Se dirá, con razón, que la homofobia no es asunto únicamente cubano. La intransigencia contra el "diferente", la homofobia en particular se halla en casi todas las historias posteriores al surgimiento de las religiones monoteístas. En Occidente, con especial virulencia, desde los siglos XI y XII, siglos de Cruzadas, en que se endureció de modo considerable la intransigencia en contra de cualquier minoría. En particular, el machista mundo hispano ha sido extraordinariamente minucioso en su escarnio contra el homosexual.

También se dirá que en Cuba ha habido siempre, al menos a la luz del día (de noche la mayoría de los gatos son pardos), una acendrada reacción contra el homosexual. Sí, por supuesto, existía homofobia en la Cuba anterior a 1959. Nadie podrá negarlo. Desde antes incluso del surgimiento de la nación, los homosexuales se vieron violentados a la máscara o al escarnio.

La palabra "pájaro" y un movimiento de manos imitando alas, servían (y seguramente sirven) de ofensa. Según el sabio Fernando Ortiz, la costumbre de llamar "pájaros" a los gays, venía del mundo negro, de cundango, que en mandinga quiere decir "pajarito". Igual que todos, los homosexuales cubanos sufrieron incontables humillaciones a lo largo del proceso en que la Isla se iba convirtiendo en país y nación.

En un libro positivista, de 1888, La prostitución en La Habana, su autor, Benjamín de Céspedes, describe: "Durante las noches de retreta circulan libremente confundidos con el público, llamando la atención, no de la policía, sino de los concurrentes indignados, las actitudes grotescamente afeminadas de estos tipos que van señalando cínicamente la posaderas erguidas, arqueados y ceñidos los talles, y que al andar con menudos pasos de arrastre, se balancean con contoneos de mujer coqueta. Llevan flequillos en la frente, carmín en el rostro y polvos de arroz en el semblante ignoble [sic] y fatigado de los más y agraciados de algunos".

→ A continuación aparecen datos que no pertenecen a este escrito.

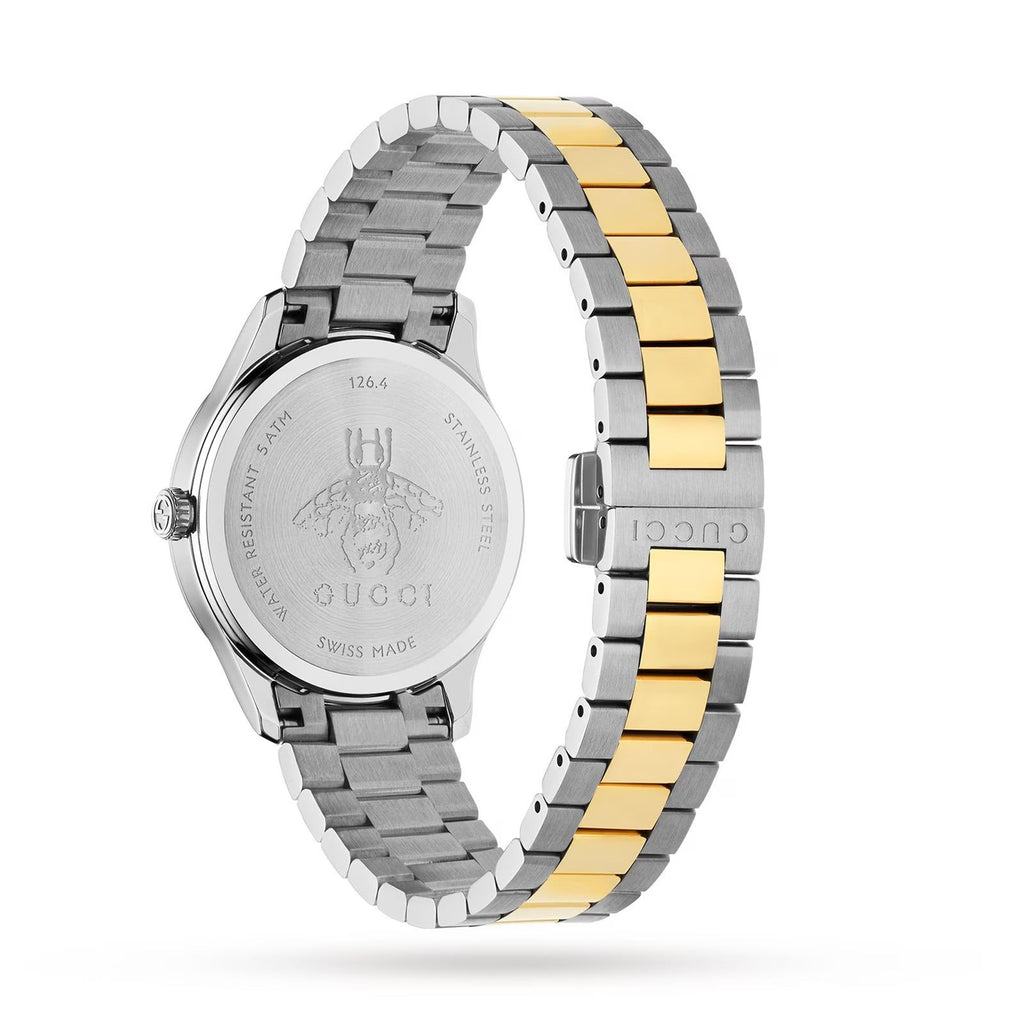 The Gucci G Timeless watch combines luxury and elegance in a sophisticated two-tone design. Featuring an 18K gold case paired with a polished steel strap, this timepiece delivers timeless appeal for the modern woman. The silver dial showcases clean, refined aesthetics that complement any occasion—from everyday wear to special events. Crafted with Gucci's signature attention to detail, the G Timeless collection represents the brand's heritage of Italian craftsmanship and enduring style. A statement piece that transcends trends, this watch is an investment in classic beauty and quality that lasts.

No obstante, encuentro al menos tres razones para destacar el lado terrible de la homofobia en aquella Isla nuestra posterior a 1959. La primera, la poca variedad, o mejor dicho, el recrudecimiento del discurso homófobo. La segunda, que viniera implementada por un proceso autodenominado revolucionario, que se proponía, por tanto, subvertir las estructuras sociales, económicas, políticas, morales; entre otras cosas, sorprende ―y decepciona―, la moral, los prejuicios cristianos que pervivieron en revolucionarios que se confesaban ateos. Tercera razón —y tal vez la más brutal― el carácter institucional, estatal, la politización que asumió a partir de entonces la homofobia.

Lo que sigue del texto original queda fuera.